At a joint press conference at PeopleSoft's annual conference, PeopleSoft CEO Craig Conway said his company turned to IBM because it realized it lacked sufficient expertise in middleware, the software plumbing needed to connect business applications. To meet customer's needs, PeopleSoft needed a wide range of middleware infrastructure products, he said.

"This is the most ambitious, most aggressive announcement from IBM and PeopleSoft," Conway said. "Maybe the most ambitions from the enterprise applications business ever."

Conway also said the arrangement was not a skin-deep "press release announcement," noting that the letter of intent alone was more than 70 pages. The two companies will be dedicating people to joint development and expanded sales and marketing efforts, he said.

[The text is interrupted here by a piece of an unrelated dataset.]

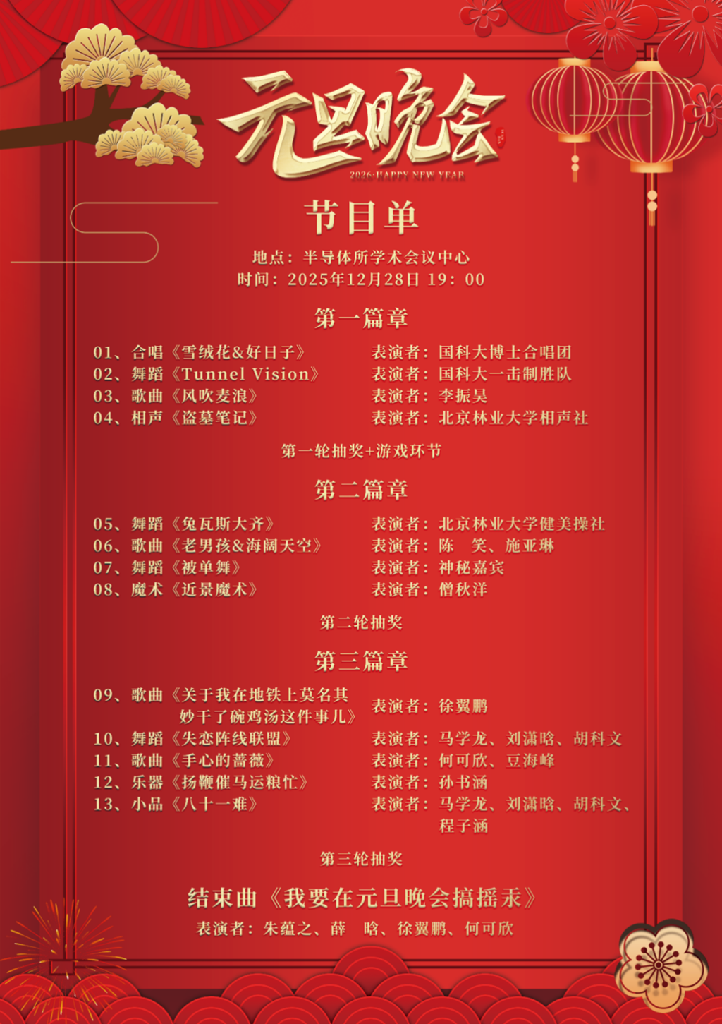 这不仅是一场晚会,更是一次温暖的相聚,一段共同的记忆。让我们用欢笑与掌声,告别过往,拥抱即将绽放的2026,在这辞旧迎新的美好时刻,我们向半导体所全体师生致以诚挚的新年问候,祝愿大家身体健康、阖家幸福、新年快乐!期待与您,共赴此时!让我们28日晚,不见不散!

The companies will bring out tightly integrated products in regular intervals over the next few years, according to Conway and Steve Mills, senior vice president in charge of IBM's software business.

Oracle problem remains
Asked whether he was worried about the new partnership being at risk if PeopleSoft is acquired by Oracle, Mills said, "I'm not worried at all. Nobody knows the outcome of what that will be."

When Oracle first launched its unsolicited bid to acquire PeopleSoft, some industry observers speculated that IBM could step in as a "white knight" and buy PeopleSoft, an idea that Mills rejected. IBM's strategy is to partner with application providers and sell the underlying middleware, hardware and services to run those applications.

Analysts said the IBM partnership is not likely to have a large effect on Oracle's ongoing assault, though there is symbolic value to the deal.

"For PeopleSoft, this is an important vote of confidence from their most important partner," said Jim Shepherd, an analyst at AMR Research. "But it doesn't solve the underlying Oracle problem at all."

However, Meta Group analyst Barry Wilderman noted that the partnership could make an Oracle acquisition more difficult because PeopleSoft's applications will be built around IBM's technology, which competes with Oracle's own middleware line.

Aiming at NetWeaver
The closer integration between IBM's middleware and PeopleSoft applications will give customers more flexibility to modify PeopleSoft products and connect to other systems, the executives said. Because IBM's products are based on Java and Web services standards, customers will be able to plug PeopleSoft applications to other middleware products from other infrastructure software providers such as Tibco and BEA Systems, according to Mills.

The IBM partnership is a direct response to SAP NetWeaver middleware initiative, which SAP launched last year. Conway said that by going with IBM, PeopleSoft's applications will be gaining a more mature product than NetWeaver.

"NetWeaver began as a limitation in SAP's own architecture," Conway said at his morning keynote speech on Tuesday. "You have to hand it to SAP for promoting its limitation as an advantage."

For IBM, the PeopleSoft deal represents a major addition to its partner program to recruit more application providers to use IBM's middleware. IBM already had development partnerships with SAP and Siebel as well as hundreds of smaller independent software vendors in specific industries.

But Mills said the deal with PeopleSoft represents a deeper commitment than existing application partnerships.

"We're not working to do a two-headed architecture. PeopleSoft is making choices," Mills said. "Our approach is to make the middleware invisible in the context of an application purchase but make the pluggable points visible."

The partnership expands on a deal that the two companies signed last year, in which PeopleSoft enlisted IBM to help port PeopleSoft applications to Linux. The new arrangement calls for closer technical integration, as well as a joint marketing and sales initiative, according to the companies.

PeopleSoft and IBM intend to sign a definitive agreement governing the deal in the fourth quarter this year.